Campo Grande, 6 fevereiro 2008 / MidiaMax
A Ecoa está desenvolvendo estudos sobre a expansão sucroalcooleira em Mato Grosso do Sul?
Sim. Neste momento estamos na fase de avaliação. O que já constatamos é que esta expansão está se concentrando na região de produção de grãos e as avaliações são exatamente para identificarmos os motivos. O que não dá para ter certeza ainda é a dimensão desta expansão.
Mas esta expansão não se mostra tão intensa como se previa no ano passado?
Até meados do ano passado as informações davam conta de que a expansão sucroalcooleira se daria de forma arrasadora. Só que já percebemos que não é assim que está ocorrendo, até porque o mercado internacional ainda não se abriu para o biocombustível e também houve uma queda no preço do álcool.

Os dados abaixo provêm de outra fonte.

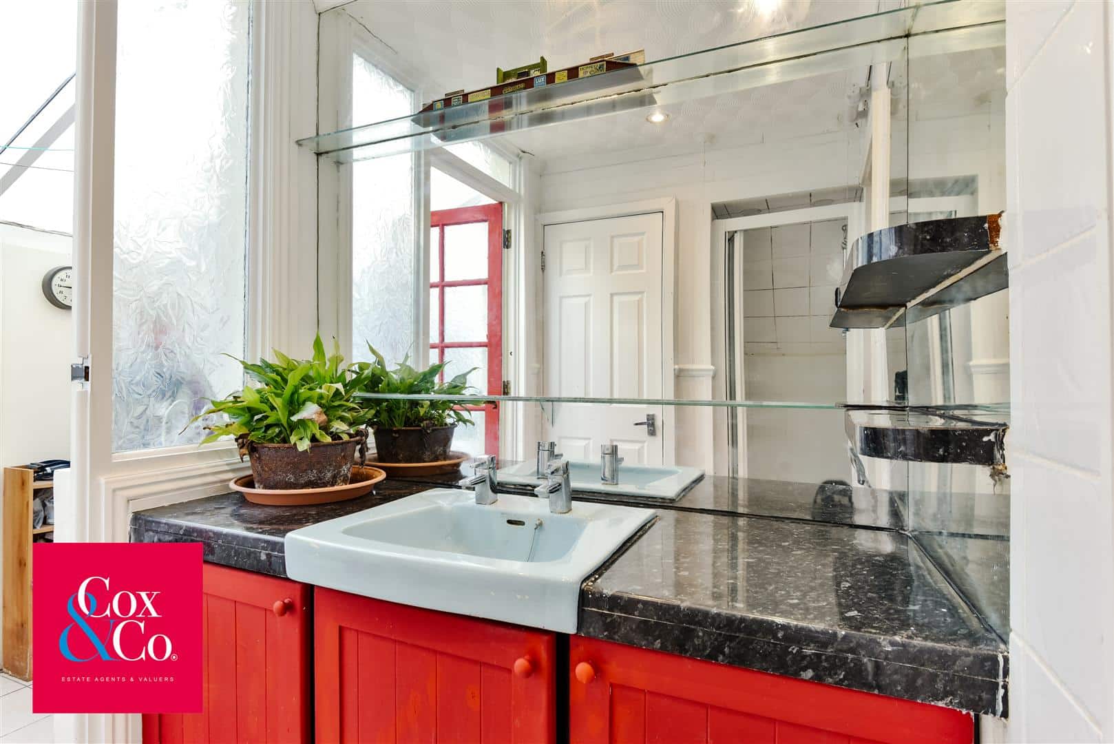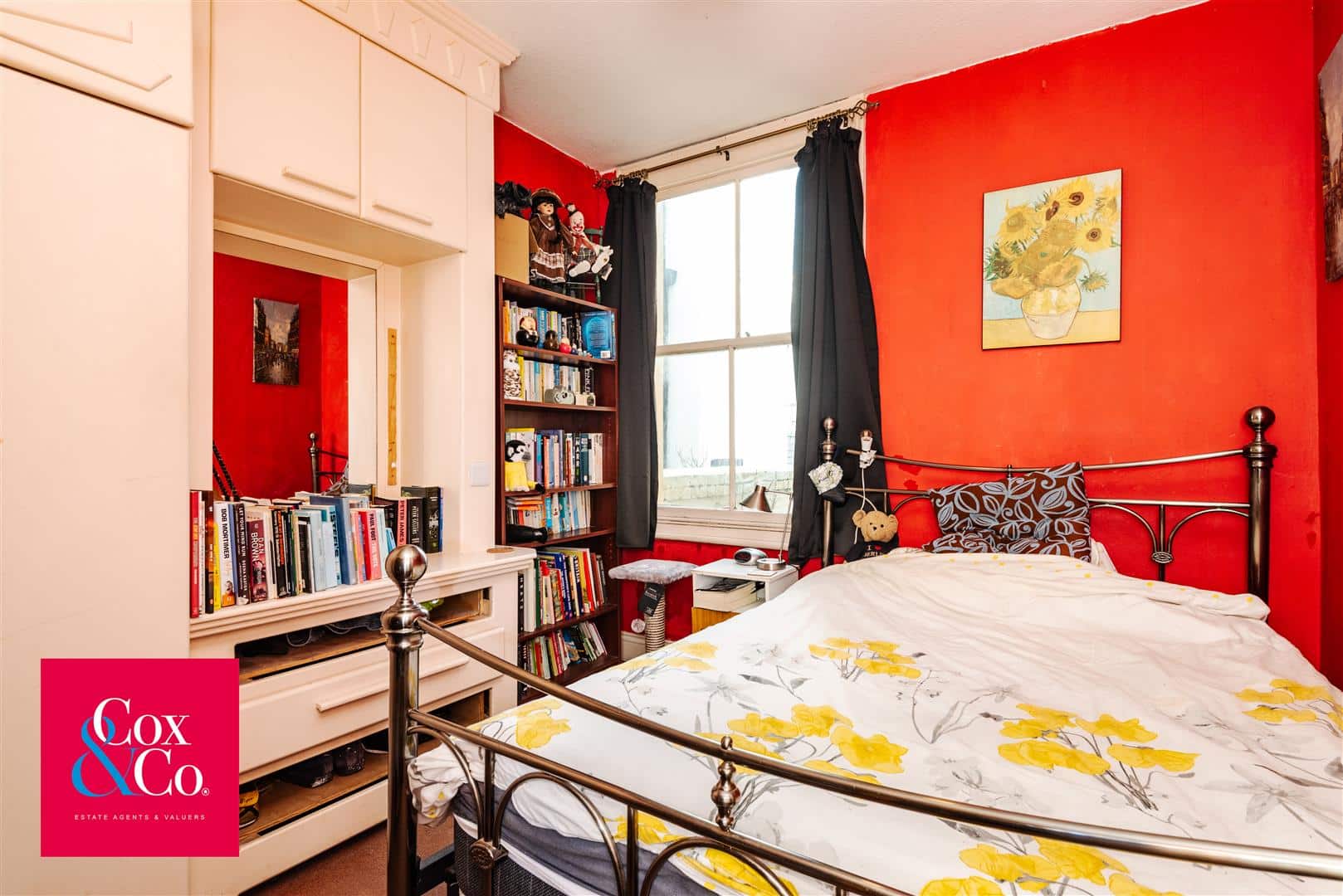 This ground-floor apartment has the potential to make into a rear garden if the current office/annexe is removed. The property is located on the sought-after St Leonards Avenue, which offers an exciting opportunity for modernisation and personalisation. Upon entry, you are welcomed by a central hallway with the living room positioned to the left, featuring two large windows that fill the space with natural light and a charming fireplace as a focal point.

Por causa disso não dá para se saber ainda qual vai ser o ritmo dessa expansão.
É melhor ter cana-de-açúcar do que brachiaria?
Claro que sim. Temos que fazer uma avaliação global sobre o impacto na produção agrícola de outras culturas. E quando falo de impacto não é apenas o negativo, mas também o impacto positivo. A pecuária é de baixíssimo rendimento no Brasil. O boi rende por ano na média 40 quilos de carne, o que é pouco.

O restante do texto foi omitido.